The weather has warned quite a bit here in Maryland, so we can all spend more time outside! I have an open pen, in addition to a closed in run, so I need some suggestions for chicken hardy, chicken edible shrubbery for shading, hiding in etc. Thanks!


----------



## dawg53 (Aug 25, 2015)

Chicken edible shrubbery for shade wont last long if the chickens eat it! Besides, any shrubbery you plant in the chicken pen will eventually be dug up by your chickens exposing roots which will kill the bushes.
You might be better off somehow rigging up a cheap tarp for shade. 
Others might post here with more ideas for shade.


----------



## MikeA_15 (Feb 21, 2016)

Shade cloth works well in addition to shrubs or bushes you can plant that provide shade.


----------



## robin416 (Sep 8, 2013)

Shade cloth is my first go to. It allows air movement and can be easily moved or adjusted for the weather. 

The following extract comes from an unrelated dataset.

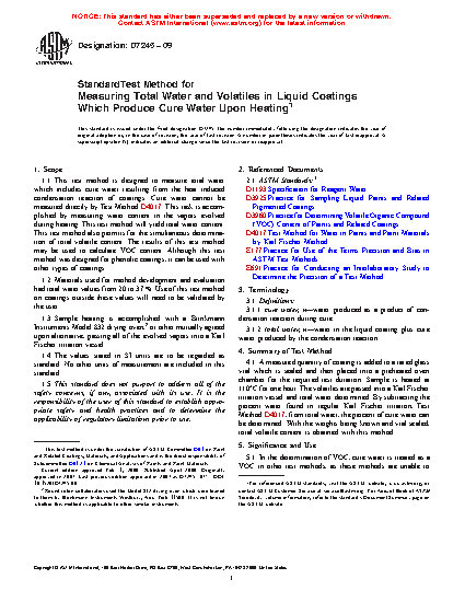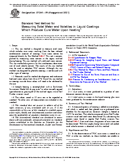 1.1 This test method is designed to measure total water which includes cure water resulting from the heat induced condensation reaction of coatings. Cure water cannot be measured directly by Test Method D4017. This task is accomplished by measuring water content in the vapors evolved during heating. This test method will yield total water content. This test method also permits for the simultaneous determination of total volatile content. The results of this test method may be used to calculate VOC content. Although this test method was designed for phenolic coatings, it can be used with other types of coatings.

Depending on the space existing some shrubs will do OK but they will be dead in short order if the birds can only focus on that small area. When mine free ranged they had about an acre to do whatever they wanted and because of that none of my plantings ever suffered for it.


----------



## jewelslette (Mar 1, 2016)

I love that your chicken wear those lovely scarves.


----------



## chickenqueen (Jan 9, 2016)

Last year,I moved my coop so a couple of trees I planted years ago were in between the coop and afternoon/evening sun.My nursery is the same way.My chickens run the yard but the coop gets so hot during the day,they lay eggs in the yard in July and August.I hope this year it will be better.I also positioned the doors facing west so they get the breeze and have 2 fans,1 blowing out and 1 blowing in.You can also put ice in their water,my chickens love it.I live in the middle of a 5 acre field and it's hot.


----------



## seminole wind (Aug 22, 2015)

I use privet (lagustrum). You can keep it a hedge, or a bush or keep trimming the bottom and it will make a tree. I have one coop in all day sun and this makes things better especially after 2 oclock when the sun is blocked by those bushes and the trio stay under them.

I protect the root area with wire fencing laid down flat. I have that fence stuff laid down all over the place especially where I've mulched and don't want it messed up. I have some black rubber mulch I'm putting down and bought the fencing in black plastic so you can't see it.


----------